In the video, all text functions are written with the VBA prefix. In practice, it is implied. Its inclusion enhances reliability, especially if you have chosen not to explicitly define variables. Also, typing "VBA." into the Visual Basic Editor will display a list of all Visual Basic functions. Sifting through these can give you a better idea of what else exists.

Perhaps the most important text function is the InStr function. The InStr function will locate the character at which one string exists within another string. This is best illustrated with an example. Imagine you want to separate the domain from an e-mail address. To do that, you need to find the "@" symbol in the address, and take everything to the right of it. You can find the "@" symbol using InStr e.g. SymbolLocation = VBA.InStr(1, "email@generic.com", "@") returns the value 6 as "@" is the 6th character in the string. The 1 simply means that you are looking for the first occurence of the "@" symbol or, more accurately, you start looking for the "@" symbol from the first character onwards.

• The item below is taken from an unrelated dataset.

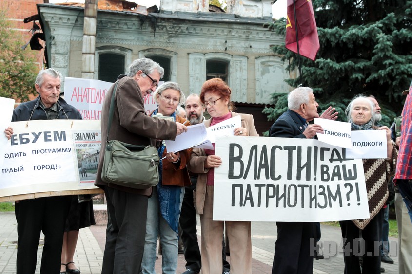 Акция протеста стала реакцией на «лето пожаров». Видимо, именно под таким названием войдёт в историю Калуги лето 2017 года. За прошедшие три месяца в областном центре сгорело пять исторических зданий – больше, чем когда-либо. Калужские краеведы убеждены, что поджоги были намеренные.

To extract the domain, we need to take everything that follows SymbolLocation. We can use the MID function for this e.g. Domain = VBA.Mid("email@generic.com", SymbolLocation + 1). The best way to explore functions is to try using them and see what happens. Note that most text functions e.g. LEFT, RIGHT, TRIM and LEN have exactly the same arguments in Visual Basic as in normal Excel. Some functions have different names e.g. UPPER becomes UCASE in written code.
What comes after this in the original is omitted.